“What You Need to Know About Prescriptive Easements” by Taylor C. Moore
One day, as you are playing with your kids in the backyard, your neighbor walks across the back portion of your yard. He doesn’t wave to you or say anything and you don’t think much of it. The next day, he does it again, and the day after that as well. As he is crossing your yard for the fourth time, you say, “Hey, you know this is my yard, right?” The surly neighbor replies, “I don’t care, it’s a free country, I’ll walk where I please!”
As the weeks turn into months and the months turn into years, your neighbor continues his ritual of walking across the back of your yard. You figure, “I guess it doesn’t matter anyway, this guy is just a weirdo, and I don’t want to start any trouble.” After ten years has passed, there is a visible pathway created from your neighbor’s continuous uninterrupted travel across the back of your property. You’ve had enough! You decide to put in a fence, figuring this will stop him. After your fence is completed, you are served with a civil summons; your neighbor is suing you! In his Petition, your neighbor alleges that he has the legal right to cross your backyard and that the fence constitutes a nuisance which unreasonably interferes with his right to use the pathway and the fence must be removed at your expense. When you call your attorney, you are shocked to find out that your neighbor is right!
Based upon the above facts, your neighbor satisfied all conditions precedent to establish an easement by prescription. An easement by prescription is established by clear and convincing evidence showing ten years of use that is continuous, uninterrupted, visible, and adverse under claim of right. Wallace v. Snider, 204 S.W.3d 299, 303-304 (Mo. App. S.D. 2006).
In this scenario, your neighbor’s use was continuous because he used it every day, not that he had to – the element of continuousness would probably have been satisfied if he a used it a few times every week. Also, his use was never interrupted because you decided that you didn’t “want to start any trouble.” In hindsight, you should have put up your fence sooner (i.e.,before ten years had passed). If you had, this would have interrupted his use; thus, even if he tore the fence down and started using the back of your yard again, the requisite ten year period would have started all over again. Your neighbor’s use was visible (i.e., not clandestine or secretive) – he didn’t use it at 2:00 a.m. in the morning when no one was looking, he did it right out in the open for everyone to see. Lastly, he did it under claim of right (i.e., he never asked for your permission and didn’t care if he had it, in his mind he had the right to use it and used it pursuant to that belief ). When I have described this scenario to friends and family, and explain that the surly neighbor would win in a court of law, many are shocked. And obviously, the scenario given is an extreme example to illustrate a point. The truth is, prescriptive easements are formed all the time and usually the owner of the land being burdened by the easement has no idea, until it’s too late.

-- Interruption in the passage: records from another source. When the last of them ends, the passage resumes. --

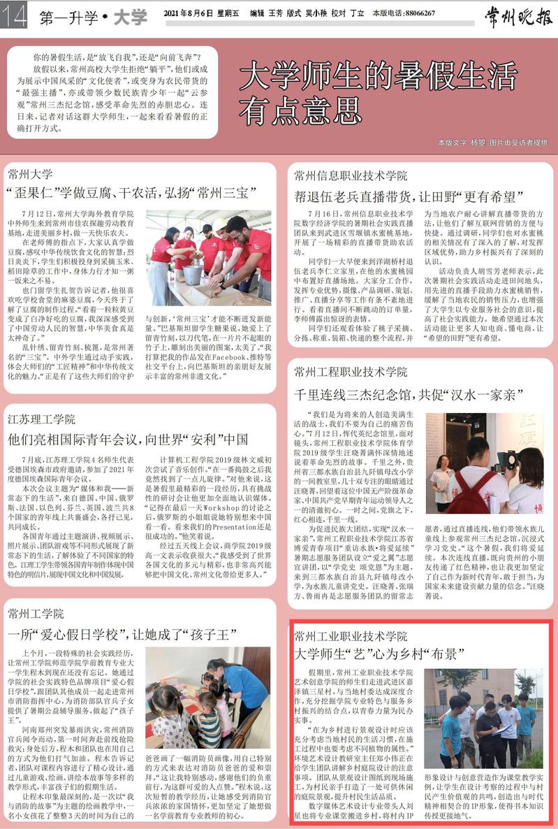 常州晚报-大学师生的暑假生活有点意思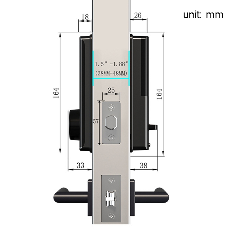 – Door thickness: 38-48mm, need to add 2 holes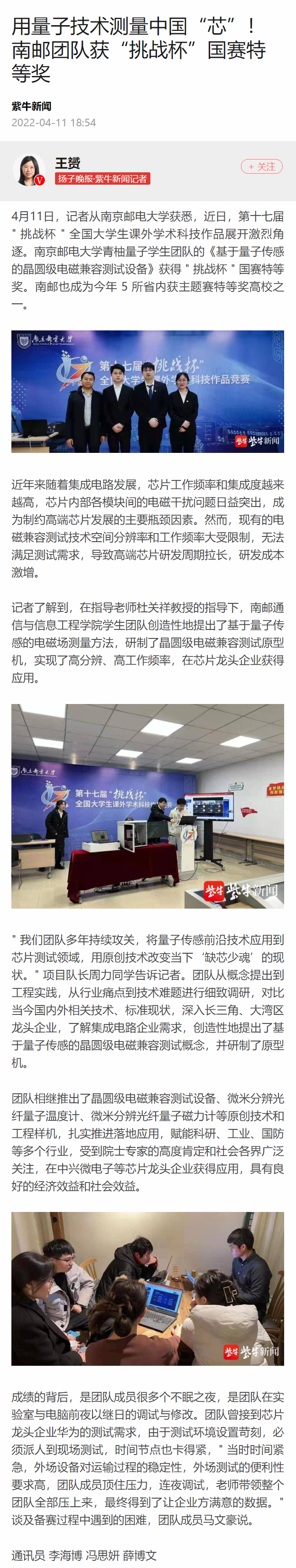 【揚子晚報客戶端】用量子技術測量中國“芯”!南郵團隊獲“挑戰杯”國賽特等獎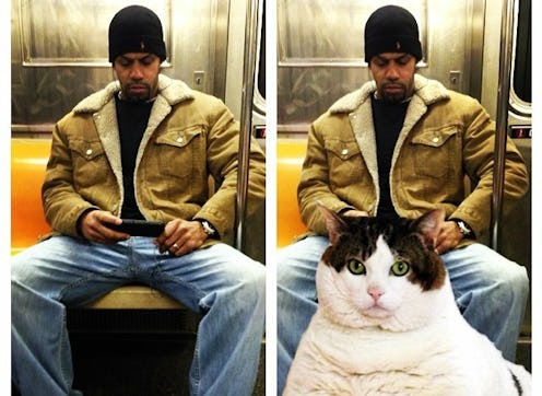 The New York City subway (and, really, any subway in the world) can be a cramped and uncomfortable place. Sure, it gets you where you’re going, and it’s a lot more affordable than taking cabs everywhere — but having your face shoved up against someone’s sweaty back during your evening commute on a hot summer day is probably most New Yorkers’ idea of hell. But you know what’s even worse than a cramped subway? A cramped subway that is so gosh darn cramped because someone has decided that they need all the space, and that it's reasonable for them to force anyone else who might need a spot to stand. Why do some folks feel the need to spread themselves out over three seats, anyway? Thanks to a glorious new Tumblr, we now have the definitive answer to that very question: They’re Saving Room for Cats, of course.

It’s more likely to happen like this: Your mother and father live in a modest country home on the outskirts of town. While they were alive, they let a neighbor use their driveway and drive across the back of their acreage in order to allow him easy access to his home located behind your parent’s acreage. At the time the use started, the neighbor had asked permission to use the acreage and your father and mother had no objections, because this is the Ozarks and it seemed like the neighborly thing to do. Nothing was ever put in writing.

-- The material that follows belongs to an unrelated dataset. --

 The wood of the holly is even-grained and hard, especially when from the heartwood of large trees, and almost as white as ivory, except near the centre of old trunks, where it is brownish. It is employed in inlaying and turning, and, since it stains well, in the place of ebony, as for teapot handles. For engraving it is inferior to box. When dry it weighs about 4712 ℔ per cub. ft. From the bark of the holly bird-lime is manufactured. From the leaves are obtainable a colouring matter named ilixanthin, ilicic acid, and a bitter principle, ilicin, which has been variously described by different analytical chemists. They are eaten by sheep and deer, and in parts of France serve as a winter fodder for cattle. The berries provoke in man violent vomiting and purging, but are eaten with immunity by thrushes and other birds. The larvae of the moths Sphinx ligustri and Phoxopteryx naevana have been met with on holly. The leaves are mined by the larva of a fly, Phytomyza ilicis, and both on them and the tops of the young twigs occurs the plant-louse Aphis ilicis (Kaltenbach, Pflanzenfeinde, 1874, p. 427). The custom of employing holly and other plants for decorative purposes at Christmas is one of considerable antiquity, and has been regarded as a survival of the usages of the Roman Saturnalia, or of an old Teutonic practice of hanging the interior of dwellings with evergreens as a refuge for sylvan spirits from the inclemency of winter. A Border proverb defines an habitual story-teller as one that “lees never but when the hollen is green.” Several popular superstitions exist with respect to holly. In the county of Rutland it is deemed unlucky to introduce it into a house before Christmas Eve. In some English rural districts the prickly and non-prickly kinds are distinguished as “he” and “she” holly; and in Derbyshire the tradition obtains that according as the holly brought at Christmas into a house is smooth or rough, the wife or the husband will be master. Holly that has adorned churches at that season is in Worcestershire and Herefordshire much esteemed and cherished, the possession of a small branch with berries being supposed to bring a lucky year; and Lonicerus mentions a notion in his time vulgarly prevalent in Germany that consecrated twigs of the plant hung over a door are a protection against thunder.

After your father and mother pass away, a condominium developer purchases the neighbor’s lot behind your parents and begins paving a road over the dirt path that was formed from the neighbor’s long continued use.When you object, the condominium owner sues you claiming that he has the right to use the dirt path and the right to pave it. Although you believe that your parents gave the neighbor permission to use the acreage and, thus, the use of the neighbor was never adverse under claim of right, you’re not sure how you’re going to prove it because your parents are deceased and the neighbor is in a nursing home with Alzheimer’s.
Under this scenario, you may be out of luck as well. In cases dealing with prescriptive easements, “[a] finding of adversity is often inferred, not directly proved.” Smith v. Chamblin Properties, LLC, 201 S.W.3d 582, 587 (Mo. App. W.D. 2006). The oft quoted rule being that “[a] long and continuous use justifies the presumption of adversity and shifts the burden to the owner to counter the presumption by proving that permission was given for the use.” Id at 587-588. Thus, in this case, the burden is going to be on you to prove that the use was permissive, but as stated earlier, you can’t prove it!
In this fact pattern, all of this could have been avoided if your parents had offered your neighbor a license to use their acreage, then you would have written evidence that the use was always permissive. The point is this: Be cognizant of the uses your neighbors are making of your land and your parent’s neighbors are making of your parent’s land. If you have concerns, call your attorney. Make sure that people aren’t gaining rights to your property without your knowledge.